Ann Afr Surg. 2022; 19(1): 28-32
Conflict of interest: None
© 2022 Author. This work is licensed under the Creative Commons Attribution 4.0 International License
Upper gastrointestinal bleeding (UGIB) is defined as bleeding above the ligament of Treitz, and it includes bleeding from the esophagus, stomach, and duodenum (1). It can be classified as either variceal or non-variceal, and its treatment depends on this classification (1).
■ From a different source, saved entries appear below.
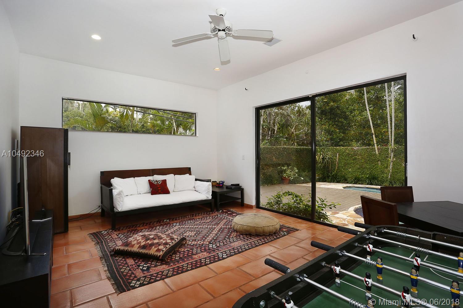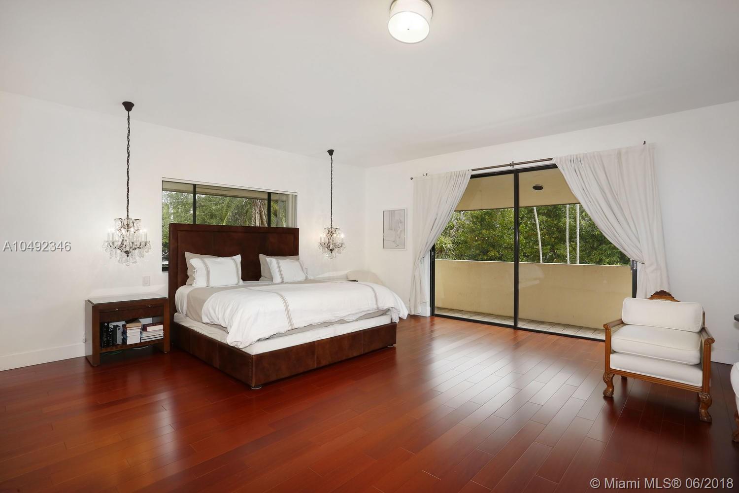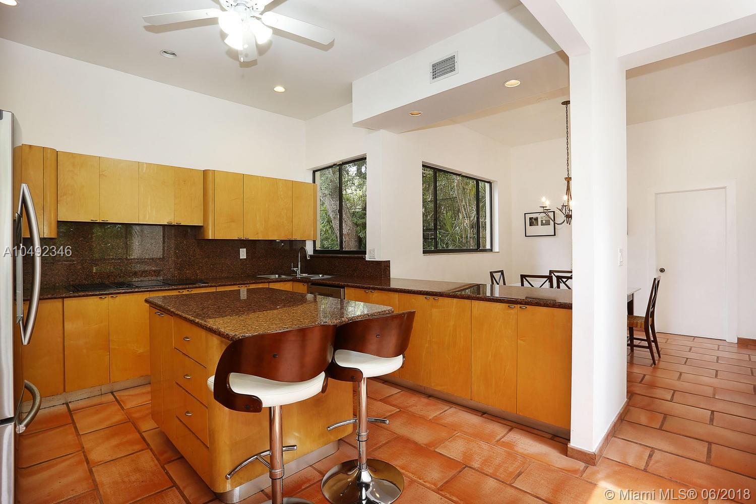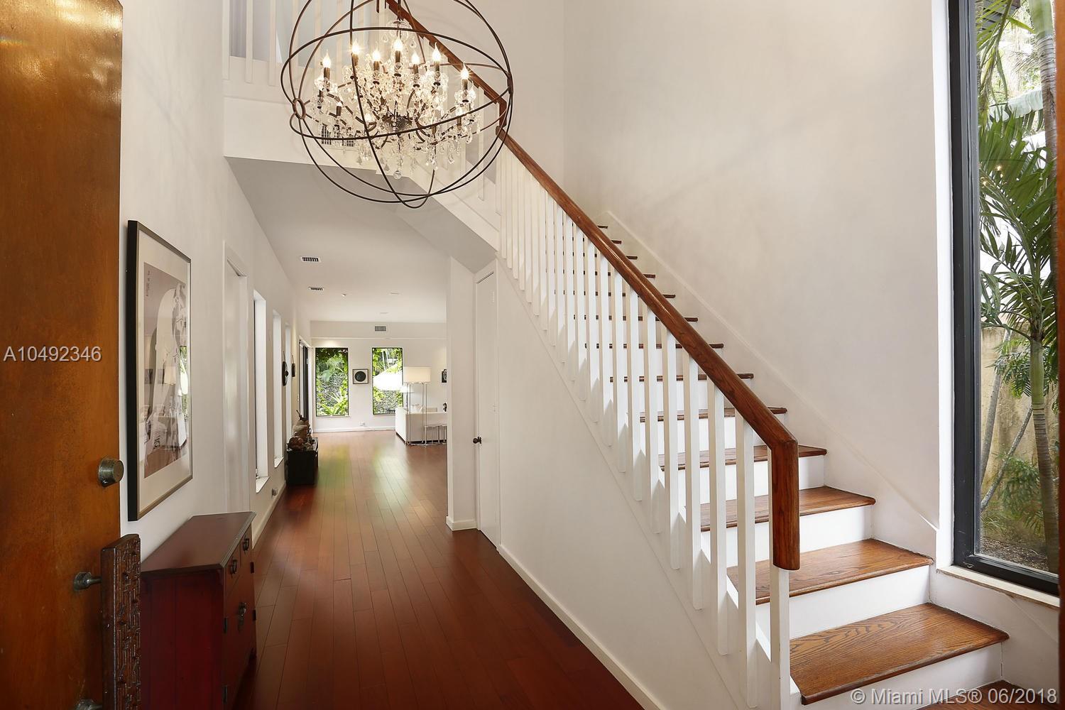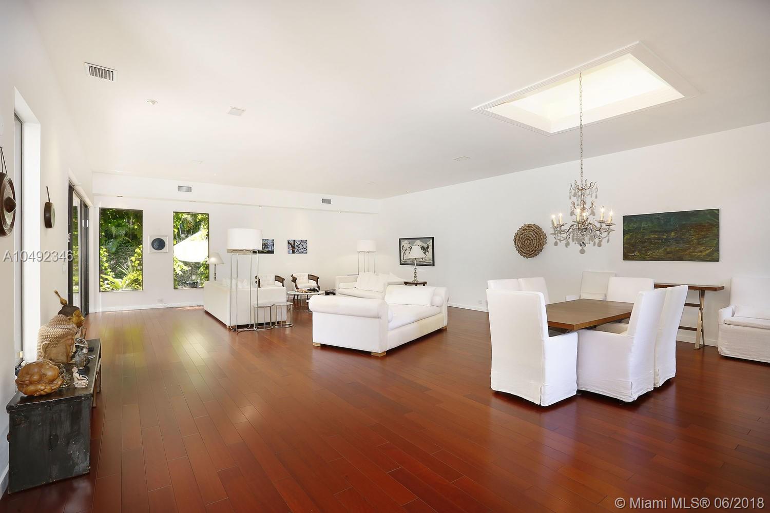 Lovely gated home, set back behind a coral rock wall & privacy hedge in lush South Coconut Grove. Light-filled rooms with high ceilings & stunning new hardwood flooring. Formal living, dining and family room, overlook tropical garden. Open kitchen features wood cabinetry, granite countertops, stainless appliances & adjacent breakfast area. Downstairs guest/housekeepers room. Second floor consists of 3 bedrooms with new en-suite baths and a large master suite with separate sitting area, balcony & new spa-like master bath. Expansive, walled backyard with tropical pool and terrace. New roof. Walk to highly rated private schools and to the Grove village center’s galleries, boutiques, cafes, bayfront parks & marinas. Minutes to downtown, MIA, Coral Gables, Key Biscayne and the Beaches.
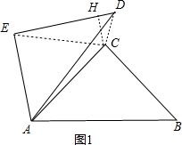 解答 解:当△ABC绕点A逆时针旋转60°得到△ADE的位置,如图1,作CH⊥ED于H,连结CE,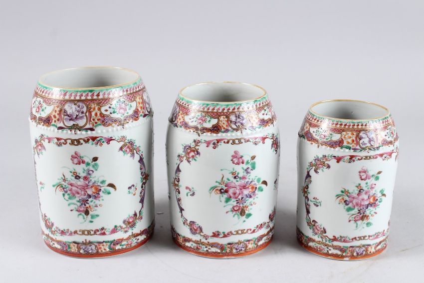 A GOOD GRADUATED SET OF THREE 19TH CENTURY CHINESE EXPORT PORCELAIN TANKARDS, with strap work handles and floral decoration to the bodies, tallest 6½in high.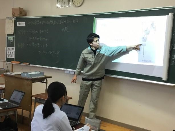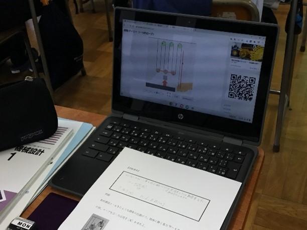 「機械設計」では、滑車を用いた仕事について考えました。一人一台クロムブックでそれぞれ課題に取り組み、理解を深めました。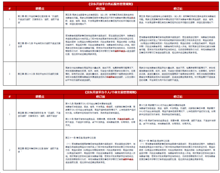京东在售后规则中,去掉了“仅退款”“退款不退货”等类似表述,京东表示,修订退货、退款场景下的处置规则,意在切实保障消费者权益及商家自主经营,进一步优化消费者与商家自主协商解决问题中的责任分配。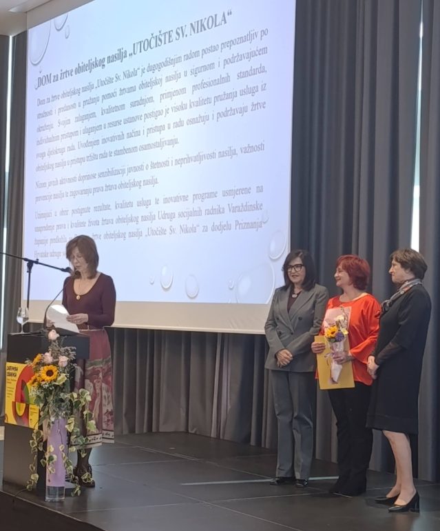Priznanje za zapažene uspjehe u radu, zalaganje za opće dobro i solidarnost u zajednici dodijeljeno je i Domu za žrtve obiteljskog nasilja „Utočište Sveti Nikola“ Varaždin, a u ime ustanove nagradu je preuzela ravnateljica Irena Mađarić.
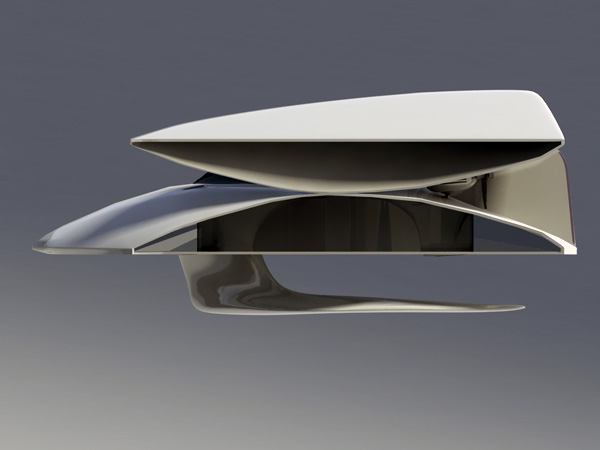 What a beaut! Aguila Design’s Xi yacht uses a remarkable series of aero and hydrodynamic qualities to maximize steering ability, maneuverability, payload, and of course… speed! Immediately apparent is the yacht’s unusual, spaceship-like, fluid shape- purely arisen from its functionality. The interior features unique, transformable spaces that are convertible at different levels to accommodate for varying numbers of crew and passengers as well as all the necessities for living a life of luxury at sea.
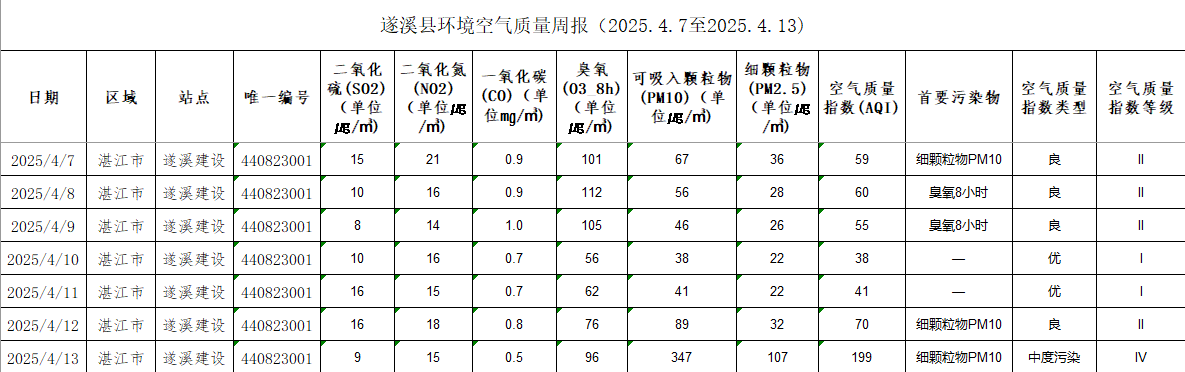 遂溪縣環(huán)境空氣質(zhì)量周報(bào)(2025.4.7至2025.4.13) | | 作者: | 來源:湛江市生態(tài)環(huán)境局遂溪分局 | 時(shí)間:2025-04-14 09:00:07 點(diǎn)擊數(shù):- 【打印正文】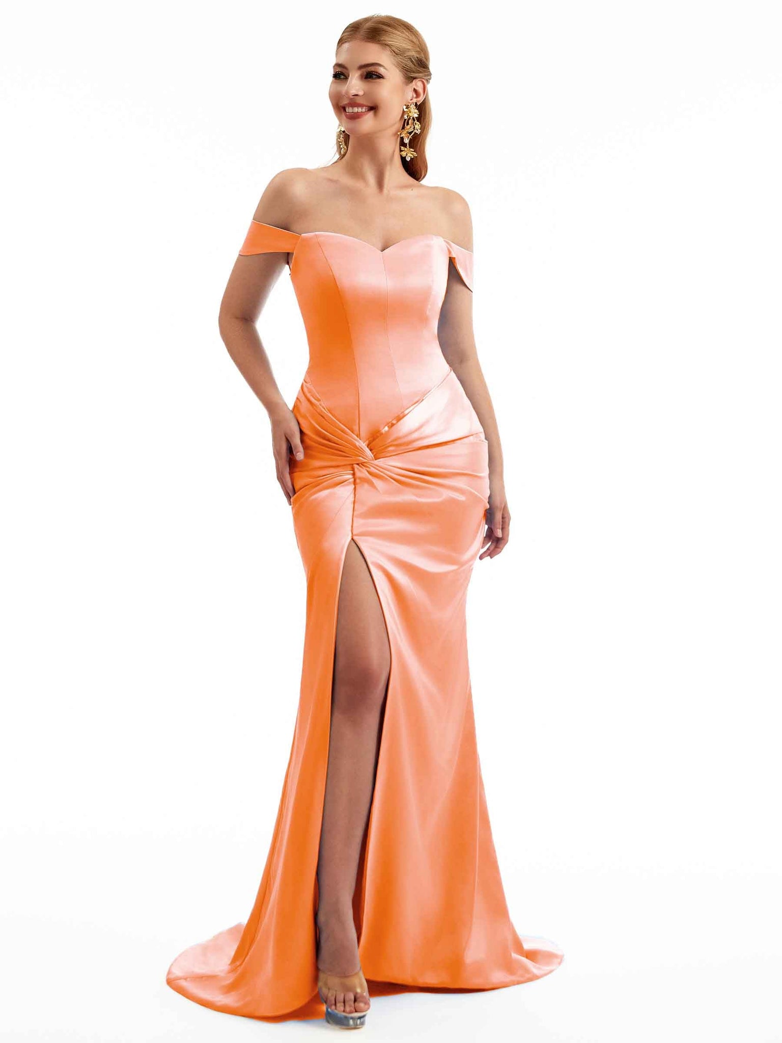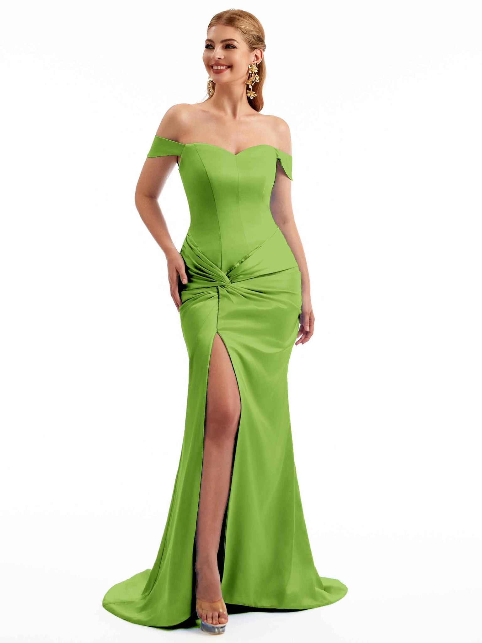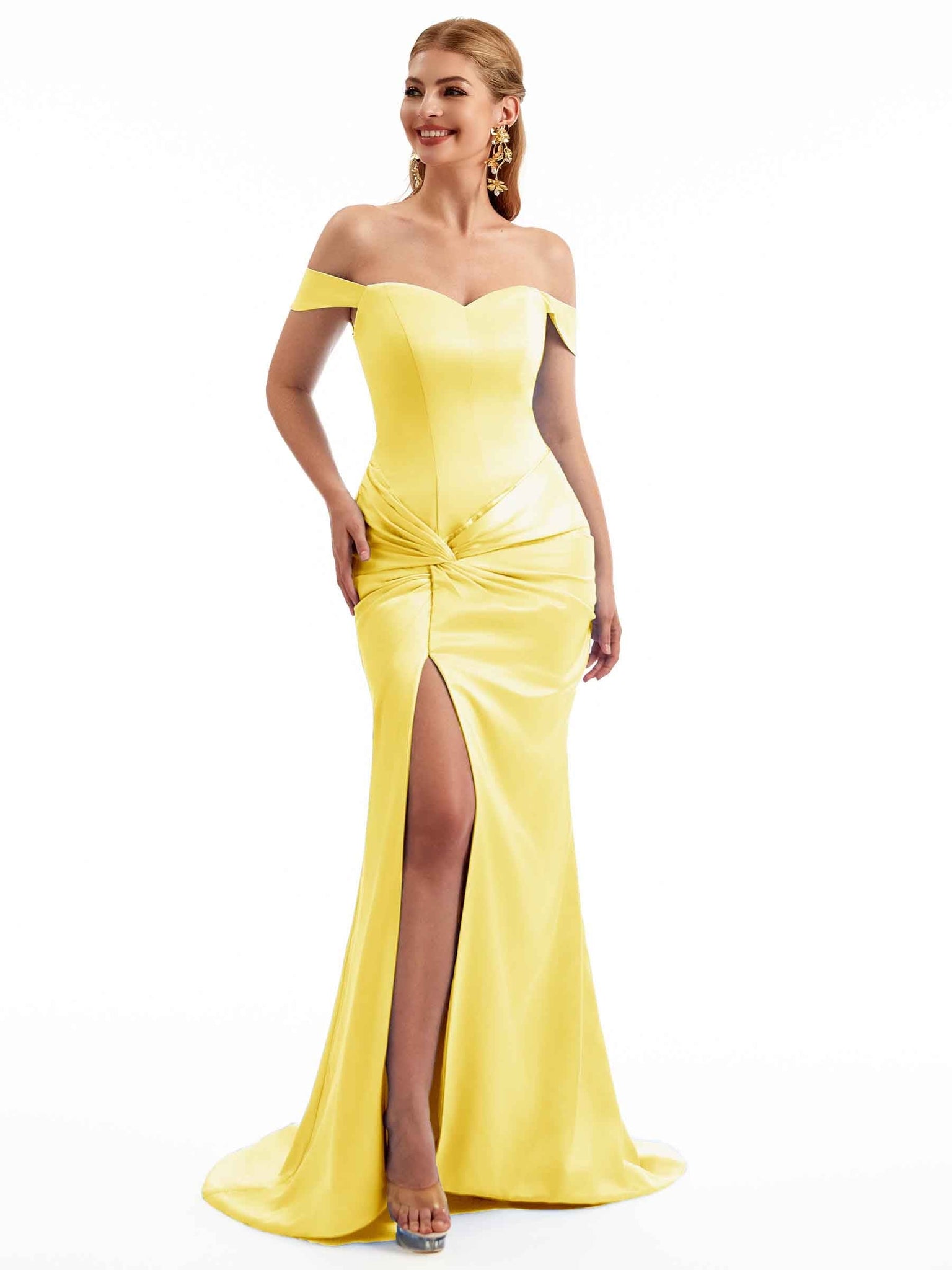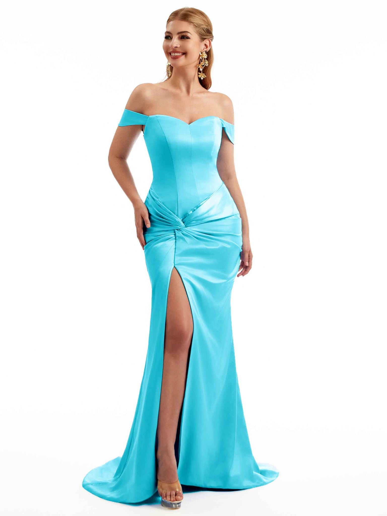 Women Side Split Off The Shoulder Long Boho Chic Satin Bridesmaid Dresses Online

Endoscopy has become a most essential tool in the definitive evaluation of the causes of upper gastrointestinal diseases in general, and UGIB in particular; indeed, the condition is a common indication for the procedure (2-4). Clinical presentation in UGIB is varied, and may include hematemesis, melena, hematochezia, syncope, or shock (2, 5, 6). It is more common in males and older adults (5, 6). The most common endoscopic findings include peptic ulcer disease (PUD), gastroduodenal erosions, and esophageal varices (2, 3, 6). This is hardly surprising, as these are also the most common findings in patients undergoing endoscopy for the evaluation of upper gastrointestinal symptoms (4). Risk factors include use of non-steroidal anti-inflammatory drugs (NSAIDs), alcohol consumption, smoking, or previous PUD or UGIB (2, 7). Mortality from an episode of UGIB from African studies is up to 15% and is higher in patients with diastolic blood pressures >90 mmHg, those who did not receive blood transfusion, those at least 60 years old, those who were hospitalized at the time they developed UGIB, and those with major comorbidities such as liver cirrhosis, renal failure, and ischemic heart failure (3, 5, 6). There are few local studies on this topic, with most being carried out in public institutions (3, 5, 8). The aim of this study, therefore, was to describe the endoscopic findings in patients presenting with UGIB to a private diagnostic center in Lagos, Nigeria.
Materials and Methods
This was a retrospective study of the endoscopic records of all patients aged at least 16 years who had endoscopy for UGIB between August 2017 and April 2019 at the endoscopy suite of a private diagnostic center in Lagos. This center is located in the mainland area of the state, offers both diagnostic and therapeutic gastrointestinal endoscopy services to adults and children who are referred from within and outside the state, and performs an average of 100 procedures monthly. The procedures are performed by both adult and pediatric gastrointestinal endoscopists. Ethical approval was obtained before commencement of the study.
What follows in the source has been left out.